Yes, I agree with that. It's more of a question of when and what.
@meiersi-da I don't know the party upfront. When I allocate the party, I allocate it with a hint, but then I get a party identifier back. The identifier contains the key fingerprint of the node which is not accessible via ledger Api. Of course, I could add persistence to the app and store that party identifier, and never hit the list parties end-point. However, instead of working around issues I was looking for a proper way to fix the issue.
Thanks for the explanation. In that case, I'd recommend using the UserManagementService
to store the stable-identifier-to-party-mapping. I'm thinking about the following steps:
User { userId: "your-fixed-id" primary_party: "<pid>" }
GetUser { userId: "your-fixed-id" }
to get ahold of the primary party for the user of interest.

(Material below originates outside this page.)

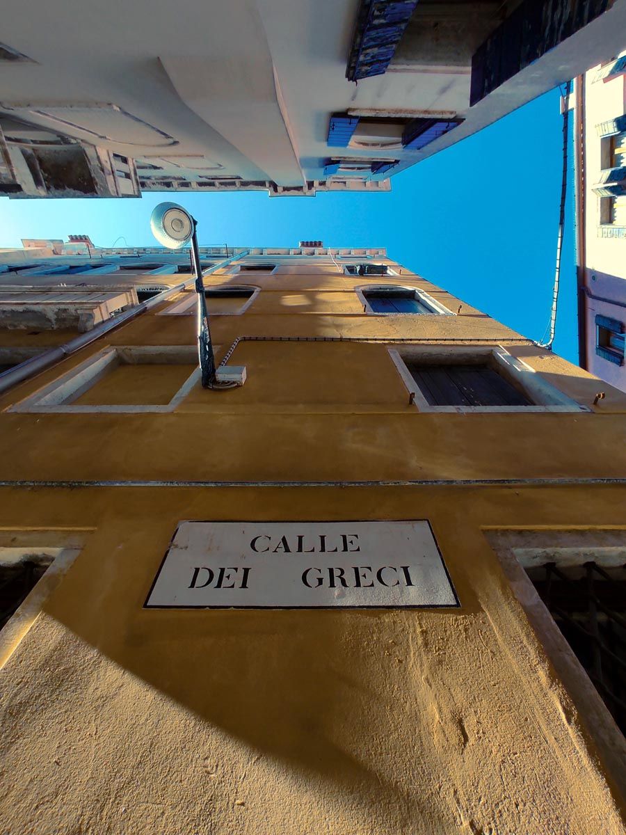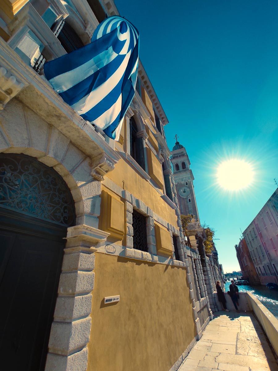 Εντυπωσιάζομαι με τη Γέφυρα των Στεναγμών, μαγεύομαι στην πολύβουη αγορά του Ριάλτο και φτάνω επιτέλους στην πλατεία του Αγίου Μάρκου. Εκεί φυσικά την παράσταση κλέβει η Βασιλική του Αγίου Μάρκου και το τεράστιο κωδωνοστάσιό της. Πίνω γρήγορα έναν καφέ latte στο ιστορικό καφέ Florian, ανάμεσα σε τοιχογραφίες του Μιχαήλ Άγγελου και συνεχίζω οδεύοντας προς την ανοιχτή θάλασσα. Μπροστά μου ξεχωρίζει το παλάτι των Δόγηδων. Φαντάζομαι τα κωπήλατα πλοία να φτάνουν εδώ και να αποβιβάζουν τον πλούτο όλου του κόσμου, την εποχή που η Βενετία ήταν θαλασσοκράτειρα. Μία πολυπολιτισμική κοινότητα, πλημμυρισμένη από τη φλόγα των εμπόρων και των πραματευτάδων. Αναλογίζομαι πως εδώ είναι το τέρμα της εξερεύνησής μου και ετοιμάζομαι να πάρω τον στενάχωρο δρόμο του γυρισμού. Μα κάτι σαν να με τραβάει να συνεχίσω. Λίγα μέτρα πιο πέρα, σε ένα από τα δεκάδες κανάλια γράφει: «Ponte dei Greci». Με τα μέτρια ιταλικά μου καταλαβαίνω πως μιλάει για τη χώρα μου, «η γέφυρα των Ελλήνων» σκέφτομαι! Λίγο πιο κάτω, βλέπω σε μία πινακίδα στον τοίχο, χαραγμένο ένα ακόμα στοιχείο: «Rio dei Greci», δηλαδή «το κανάλι των Ελλήνων». Αναρωτιέμαι τον λόγο που έχουν αφιερώσει μία γέφυρα και ένα κανάλι σε εμάς, τους «Γραικούς». Η απορία μου λύνεται, καθώς από το επόμενο στενό ξεπροβάλλει η γαλανόλευκη! Πλησιάζω και διαβάζω πάνω στην πόρτα του κτιρίου: «Μουσείο Βυζαντινών και Μεταβυζαντινών εικόνων».

A large number of parties onboarded onto any ledger will eventually cause clients that list the universe of parties to receive this lovely error (with the max size of course highly dependent on the number of parties):
The right solution is to probably change the
ListKnownParties
call to return astream
ofListKnownPartiesResponse
instead of a single object, and to chunk up the responses:https://github.com/digital-asset/daml/blob/11e5dd37e730156b97748d67914b5e3f14a48625/ledger-api/grpc-definitions/com/daml/ledger/api/v1/admin/party_management_service.proto#L38-L44
With the current API design, this endpoint will only ever return more data over time, and raising this limit globally, forever doesn't seem like a good idea.